Мужу даже незачем было бы знать, что она кого-то прячет, только следовало соблюдать осторожность и днем, между половиной четвертого и четырьмя, не занимать уборную. У него очень регулярно работает желудок, и туалетом он пользуется сразу же по возвращении домой, еще до обеда.)
Черные и некрасивые лежат, ослабев от голода, в сырых постелях и ждут, покуда кто-нибудь принесет им овсянку на воде или чего с помойки. Все серое — волосы, лица, постель. Карбидную лампу жгут бережливо. Их дети на улице вырывают у прохожих из рук свертки в надежде, что там окажется хлеб, и мгновенно все пожирают. В больнице распухшим от голода малышам дают ежедневно по пол-яйца в порошке и по таблетке витамина С — дележкой занимаются врачи, чтобы не травить душу нянечке, которая тоже распухла. (Только медицинскому персоналу больницы полагался продовольственный паек: пол-литра супа и шестьдесят граммов хлеба на человека. На специальном собрании было решено отказаться от двухсот граммов супа и двадцати граммов хлеба и разделить их между истопниками и нянечками. Таким образом, все получали поровну: по триста граммов супа и сорок — хлеба.) На Крохмальной, 18 тридцатилетняя женщина, Ривка Урман, отгрызла кусочек от своего сына, Берко Урмана, двенадцати лет, накануне умершего от голода. Люди во дворе обступили ее молча, в гробовой тишине.
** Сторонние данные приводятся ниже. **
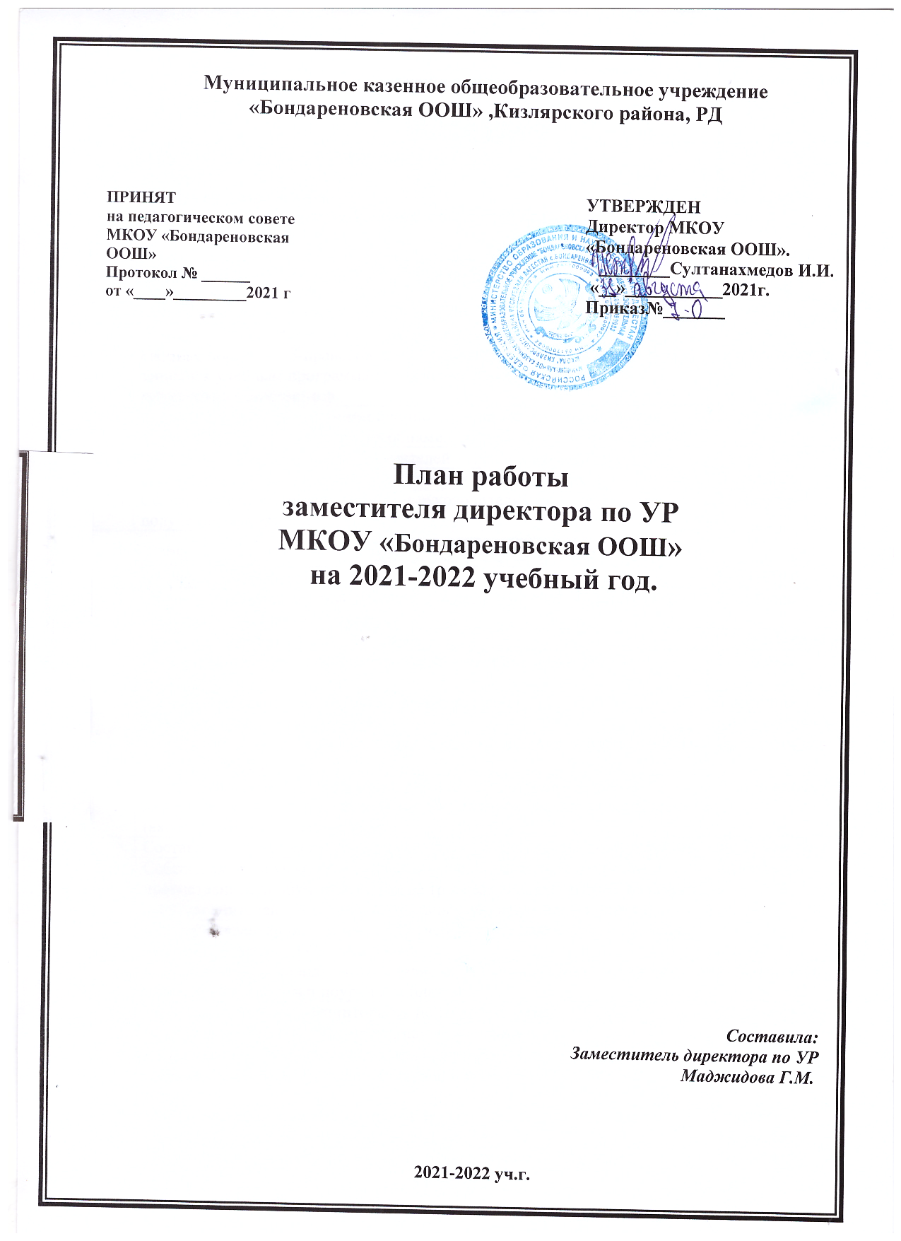 План работы замкстителя директора по УР МКОУ Бондареновская ООШ на 2021-2022 уч.год

У нее были серые всклокоченные волосы, серое лицо и безумные глаза. Приехала полиция и составила протокол. На Крохмальной, 14 нашли на улице разлагающийся труп ребенка, подброшенный матерью, Худесой Боренштайн, из 67-й квартиры, ребенка звали Мошек. (Погребальные дроги общества «Вечность» увезли труп, а Боренштайн Худеса призналась, что подбросила его, потому что община отказывается хоронить бесплатно, да и она сама тоже скоро умрет.) Людей водят в баню, чтоб совсем не завшивели. Перед баней на Спокойной люди ждали на улице день и ночь, а когда утром привезли суп только для детей, пришлось вызвать полицию, чтобы она разогнала толпу, вырывавшую у детей еду.
Смерть от голода была столь же неэстетична, как жизнь. Некоторые засыпают на улице с куском хлеба во рту или при попытке произвести физическое усилие, например, когда пускаются бежать, чтобы отнять у кого-то хлеб.
Это фрагмент научного труда.
Врачи в гетто занимались исследованием голода, потому что механизм голодной смерти был тогда медицине неясен и нельзя было упускать подвернувшуюся возможность. Притом возможность исключительную. Никогда еще, писали они, медицина не располагала таким обильным экспериментальным материалом.